Instruction for the data below: set down exactly the lines from the line with "925 Silver Rhomb" to the line with "Gold Abstract Flowers", inclusive, and no others.

▶ Exercise data:
☆ ☆ ☆ ☆ ☆ ☆ ☆
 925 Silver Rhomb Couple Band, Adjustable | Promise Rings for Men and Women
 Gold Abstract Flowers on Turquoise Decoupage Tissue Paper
☆ ☆ ☆ ☆ ☆ ☆ ☆
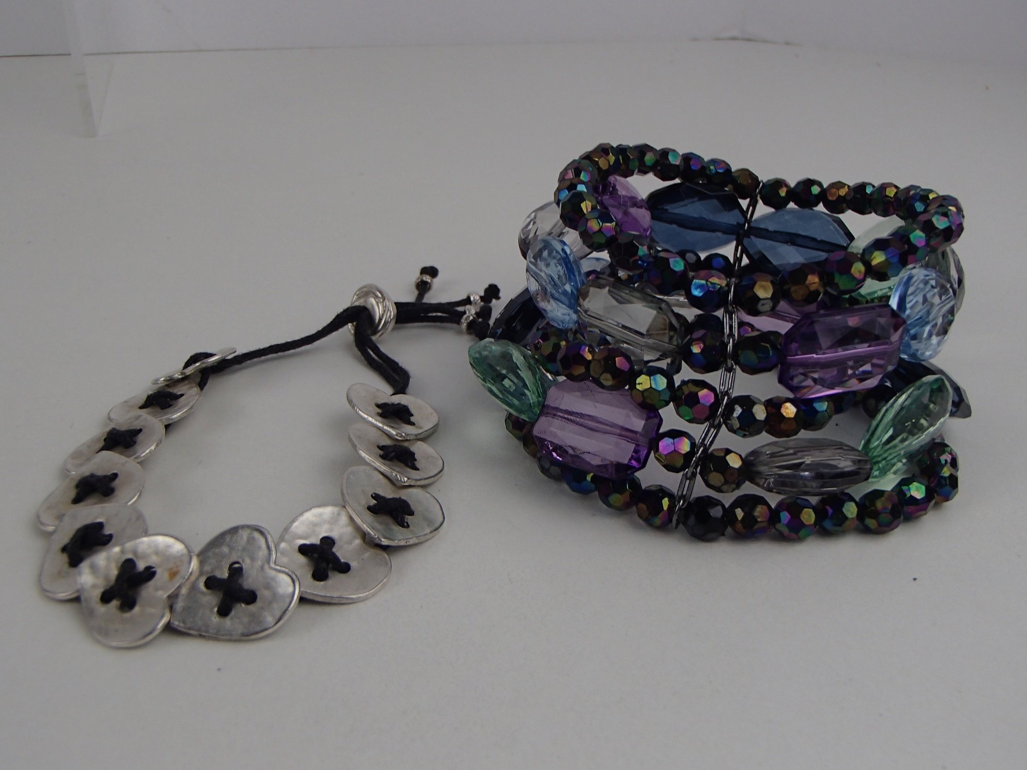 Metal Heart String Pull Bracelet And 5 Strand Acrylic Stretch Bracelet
☆ ☆ ☆ ☆ ☆ ☆ ☆
▶ Response to the exercise:
 925 Silver Rhomb Couple Band, Adjustable | Promise Rings for Men and Women
 Gold Abstract Flowers on Turquoise Decoupage Tissue Paper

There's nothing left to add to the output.